A reference is a mapping from one store (the owner store) to another store (the target store), associating one or more fields of the former to fields of the latter. Each reference defines a many-to-one relationship between two stores. They are useful at query time to relate the information from different stores together.
A datastore generally has a multitude of references, forming a directed graph of stores. The store graph cannot contain any cycle: the schema of stores can also be referred to as a star schema, as it has a tree-like structure.
A store can reference another one multiple times, as long as the referenced fields are different for the multiple references.
Constraints
When a reference is created between two stores, a uniqueness constraint is added to the group of fields used by the reference in the target store. As such, a line of the base store cannot point to multiple lines of the target store. This is a consequence of the many-to-one relationship represented by the reference.
For example, given two stores A and B:
-
Store A
TradeId Value Trade1 10 Trade2 20 -
Store B
TradeId LegType Book Trade1 N/A Book1 Trade2 N/A Book2 Trade3 Pay Book3 Trade3 Recv Book3
If a reference is defined from Store A's TradeId field to Store B's TradeId field, a
KeyConstraintViolationException is raised when Store B is loaded, because multiple lines in Store B share the same
TradeId.
Reference Description
Similarly to stores, datastore references are built according to a reference description, represented by the interface
IReferenceDescription.
The recommended way to build a reference description is through the fluent builder interface available through
StartBuilding.reference().
A fully defined reference description is created like so:
final IReferenceDescription referenceDescription =
StartBuilding.reference()
.fromStore("store A")
.toStore("targetStore B")
.withName("AToB")
.withMapping("field from A", "field from B")
.withMapping("another field from A", " another field from B")
.build();
Example
In this example, the required datastore consists of two stores:
- Sale: records correspond to a product sale.
- PriceHistory: records define the product prices at certain dates.

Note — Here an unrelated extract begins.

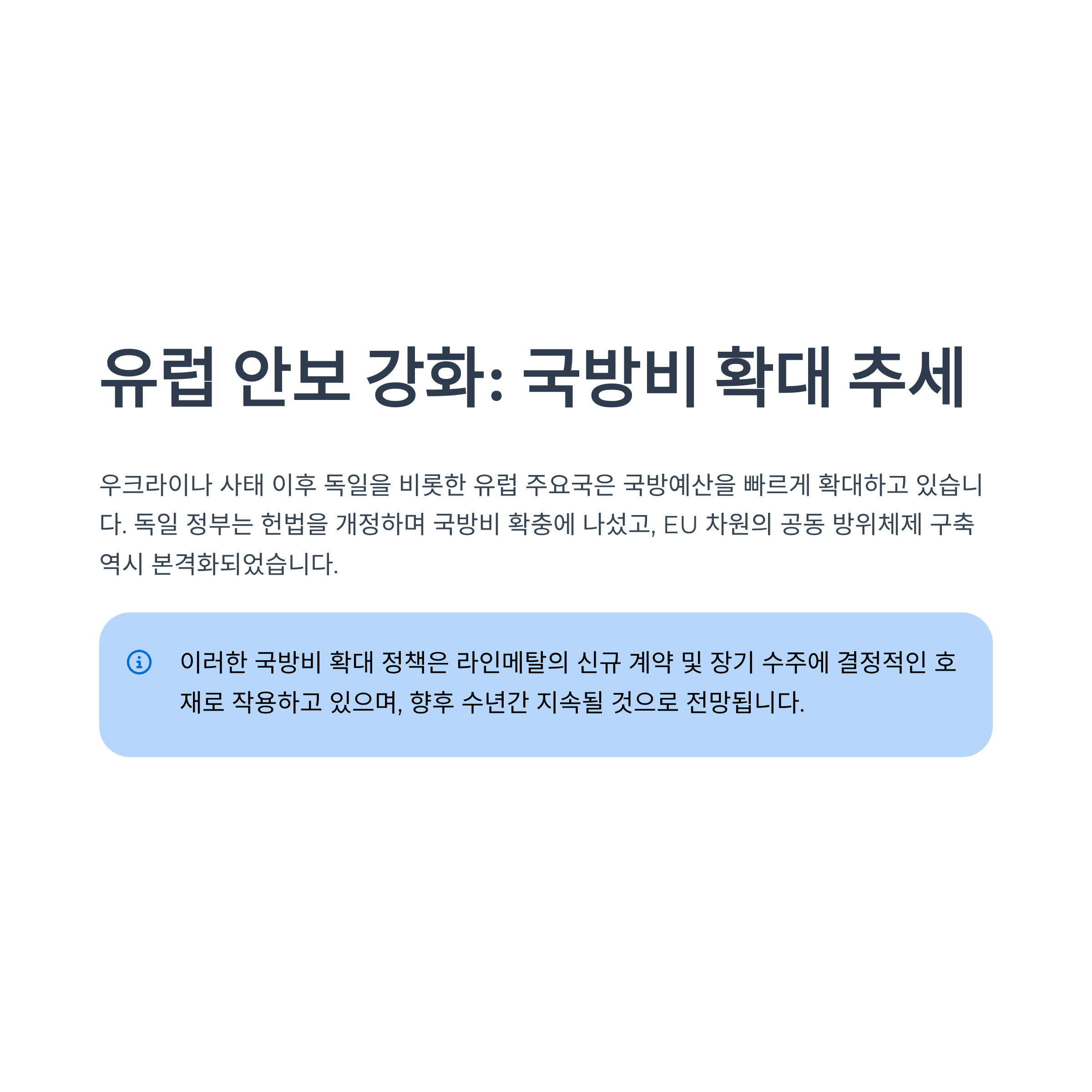이는 라인메탈의 신규 계약 및 장기 수주에 결정적인 호재로 작용하고 있습니다.

final IStoreDescription saleStoreDescription =
StartBuilding.store()
.withStoreName("Sale")
.withField("id", ILiteralType.LONG)
.asKeyField()
.withField("productId", ILiteralType.LONG)
.asKeyField()
.withField("date", ILiteralType.DATE)
.asKeyField()
.withField("quantity", ILiteralType.INT)
.withField("unitPrice", ILiteralType.DOUBLE)
.build();
final IStoreDescription priceHistoryStoreDescription =
StartBuilding.store()
.withStoreName("Product")
.withField("id", ILiteralType.LONG)
.asKeyField()
.withField("name", ILiteralType.STRING)
.withField("category", ILiteralType.STRING, "uncategorized")
.build();
The following reference associates the product information from the Product store to the sales of the Sale store, using the product ID as mapping.

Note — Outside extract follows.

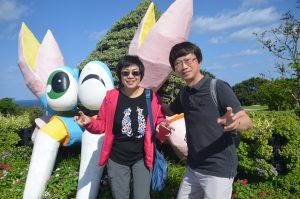 Pictured, tour operator reps Vicky Ho, general manager at Royal Scenic Holidays, and Ricky Poon, VP of corporate planning at Silkway Travel & Cruise, who met a giant crustacean outside of the Churaumi Aquarium on a recent fam trip to Okinawa.

final IReferenceDescription referenceDescription =
StartBuilding.reference()
.fromStore("Sale")
.toStore("Product")
.withName("SaleToProduct")
.withMapping("productId", "id")
.build();
Datastore Schema
A datastore is built according to a datastore schema, which gathers the store descriptions and the reference descriptions that compose the datastore.
The recommended way to build a datastore schema is through the fluent builder interface available through
StartBuilding.datastoreSchema():
final IDatastoreSchemaDescription datastoreSchemaDescription =
StartBuilding.datastoreSchema()
.withStore(saleStoreDescription)
.withStore(priceHistoryStoreDescription)
.withReference(referenceDescription)
.build();
The .withStore() and .withReference() methods can be chained as many times as needed.
Creating a Datastore
Once the datastore schema has been created, the datastore can be built using StartBuilding.application():
final var application =
StartBuilding.application()
.withDatastore(datastoreSchemaDescription)
.withoutBranchRestrictions()
.build();
The IDatastore interface implements AutoCloseable, and can be torn down using the close() method.
Querying a Datastore
Data can be retrieved directly from the datastore using Database Queries.